Certainly the track records of young stars and their even younger siblings do not compare favorably. Kevin Dillon is unlikely to ever be nominated for an Oscar like his brother Matt. Jamie Lynn Spears is 16 now but needs her last name, made famous by her pop starlet sister Britney, to gain any semblance of recognition. And Ashlee Simpson's nose job has thus far failed to turn her into big sister Jessica.
"A good parent, I would hope, would rather have an average child than one with a personal fortune but a slew of personal problems to go with it," said Mischel. "Drug and alcohol problems affect many people but they're often exacerbated by money and star status at a young age."
Psychotherapist Licia Ginne said that there is no one factor that explains why certain parents covet fame for their children and are prepared to go to any lengths to get it.
"Part of why mothers do this is very complicated, and the reasons come from their own history and genetic makeup," Ginne told ABC News. "However, much of the motive is often financial gain or a desire to make up for an opportunity they missed when they were young."
Hollywood Parents Aren't Alone
Examples of pushy parents living vicariously through their offspring can be seen by visiting a high school football game on Friday night or a kids' soccer game on a Sunday afternoon. Whether they're children are boys or girls and whether they're playing at age 10 or age 16, certain parents are likely to be there who cross the line from encouragement to bullying.

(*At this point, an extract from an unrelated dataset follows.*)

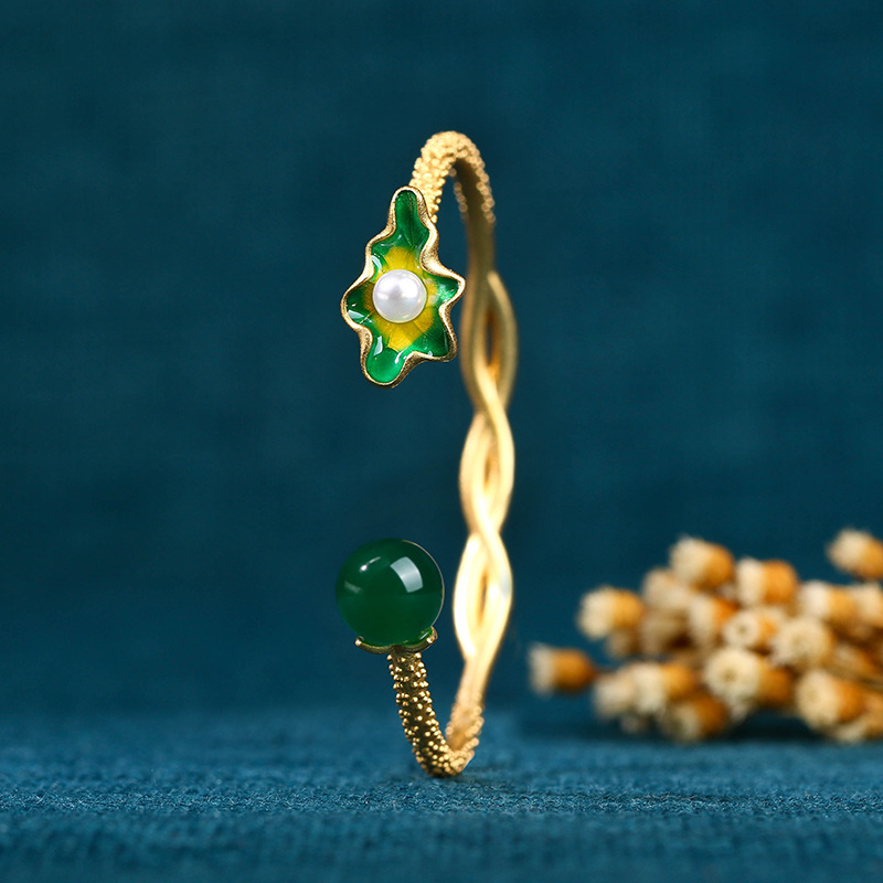 彤彤兔 民族宫廷风手饰古法饰品烧蓝合成玉石荷叶手镯手环

"This kind of pressure is not healthy for a child, and parents who push them this hard are not helping the child grow and develop," said Ginne, who has more than 25 years of experience working in the mental health field. "In (the case of the Lohans) there is narcissism involved where the mother wanted a particular lifestyle, and now she is taking advantage of the secondary media and living it."
Whether Lohan had always planned to try and take center stage from her children is not known, but some who see the entertainment world up close believe moral standards are slipping across the board.
"It is ironic and poignant that shame has been filleted from American dialogue," said Michael Levine, a Los Angeles public relations expert who has represented numerous Hollywood A-listers. "My opinion has to do with society at large, but in the Lohan case the most peculiar aspect is that this can be happening when Lindsay is in so much pain."
So the trend of pushy parents who hope to be carried through their later years by their children's fame appears to still be in full flow. At least Lohan shares her daughter's skinny frame -- otherwise Lindsay's knees may have buckled by now.